Опять и опять мелькал образ Серёжи и всех картин, связанных с ним: ах, она уже забыла, каким он был тогда, ведь столько лет прошло, а он – мальчик, подросток, стройный и очень красивый, и золотые волосы сверкают огнём. Милый, родной, сыночек! Ты был рядом, и казалось, что так и должно быть, что так будет всегда, да разве и могло быть иначе? Ведь вон, другие дети живут, и переносят болезни, а мы так богаты, и доктор день и ночь не отходит от тебя, а все же далеко, далеко эта ужасная чернота, и она зовёт тебя, тянет и забирает от меня… Серёжа, Серёженька мой! Где твоя душенька сейчас? Бродит ли неприкаянная по свету, или уже нашла пристанище в светлом и чистом мире, обещанном нам всем?

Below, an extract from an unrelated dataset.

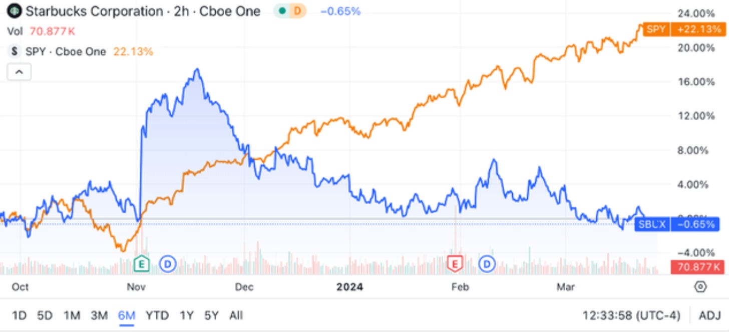 2010年投星巴克股票1万美元,现在值10万。未来还能持续这种回报吗?
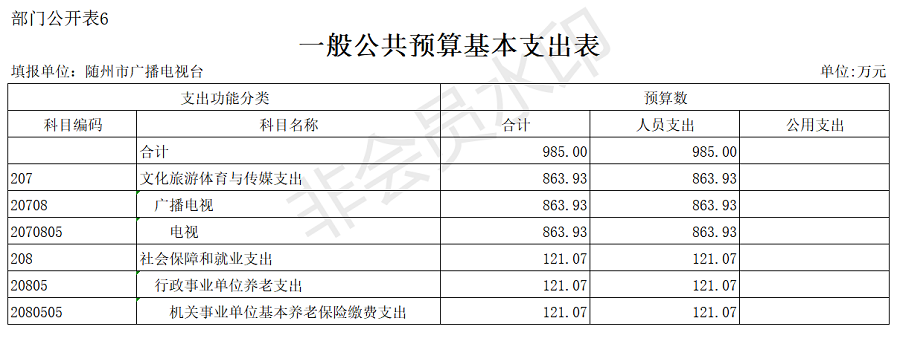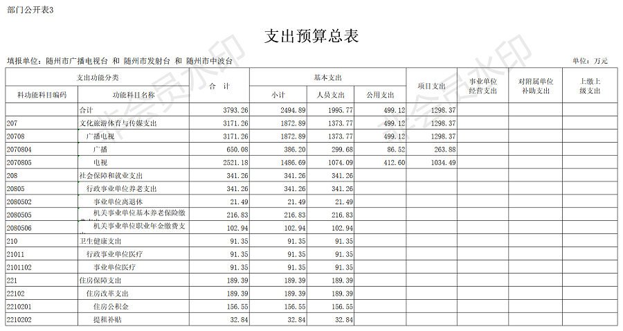 第三部分 隨州廣播電視臺2020年部門預算表

И опять – зверская, страшная, адская мука: за что?! Что я сделала такого, что сына, единственного, забрала судьба? И как исправить это, если не возвращаются мёртвые, а жизнь так длинна, и нет тебя рядом, и уже никогда не будет?
Поднялась среди ночи, укуталась в тёплую шаль, прошла в кабинет, а там на стене – распятие. Долго смотрела в глубокие глаза, полные тоски. Ох, немилосерден Суд Божий, немилосерден! Самое дорогое, детей, забирает безвозвратно…

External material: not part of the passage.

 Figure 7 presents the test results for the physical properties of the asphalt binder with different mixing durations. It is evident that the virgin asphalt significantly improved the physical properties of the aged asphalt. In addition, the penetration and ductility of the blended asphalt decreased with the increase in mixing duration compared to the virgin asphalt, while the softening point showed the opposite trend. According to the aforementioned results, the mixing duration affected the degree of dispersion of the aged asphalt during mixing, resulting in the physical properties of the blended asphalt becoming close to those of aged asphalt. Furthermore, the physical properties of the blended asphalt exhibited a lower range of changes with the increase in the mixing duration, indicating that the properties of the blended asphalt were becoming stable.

«Господи, помоги мне! Ты один всё знаешь! В Твоих руках и жизнь, и смерть наша. И как же так, что Суд Твой настиг меня так внезапно, обрушился всей тяжестью ужасной, непереносимой боли? Не спорю – виновата. Гордынею своею виновата, кичилась, что красива, богата, а вот вышло, что беднее любой нищенки. И будет ли мне помилование? Или же мука смертная день за днём, до самого конца?»
Долго-долго сидела в холодном кресле, всё глядела на мерцание свечи и уже собиралась встать, как вдруг – тихая мысль: «А ты милосердна ли?» Будто не сама подумала, а словно кто подсказал. И осталась, задумалась: «Милосердна ли я? Может, и нет». Закуталась плотнее и начала вспоминать все случаи, когда была недобра к людям. Случаев немного и было, всё больше по мелочам: когда на прислугу сердилась, когда на кучера. Но чтобы что-то крупное – нет, не припомнится. И вдруг…
Мальчик на кладбище, полуголый. Как она с ним обошлась? Милостыню дала – хорошо, а милосердие? Сама села в тёплую коляску и в дом уютный поехала, чай пить, обед есть, а что с ним – и не подумала. А ведь был, был ей знак: сына он ей напомнил, да разве как с сыном она с ним обошлась? Горячо ударило в сердце графини, глянула в сторону окна: вьюжит. Ночь холодная, ненастная. Милосердна ли я? Страшно ей стало. Дитя в сугробах замерзает, а она о немилосердии Божием судит. «Да как же я смею? – подумала. – Где же моя материнская правда, где сердце моё?»
Пошла к себе в комнату, мысли сбились, то приляжет на кровать, то опять поднимется. То хочет горничную звать, кучера будить, но всё что-то мешает, не решится, не знает, что делать, как поступить. А потом упала на колени и попросила: «Господи! У Тебя – правда, Ты мне и скажи, как быть, что делать, что чувствовать». И вслед за этим вдруг горько-горько расплакалась. И пока плакала, сердце смягчилось, расслабилось, нежным повеяло, и мальчик тот, на кладбище, уже не чужим, а родным показался. Да и какая разница, подумалось, что другая мать его родила, если все детки – это детки, а все матери – матери. И в моем сердце ещё так много любви…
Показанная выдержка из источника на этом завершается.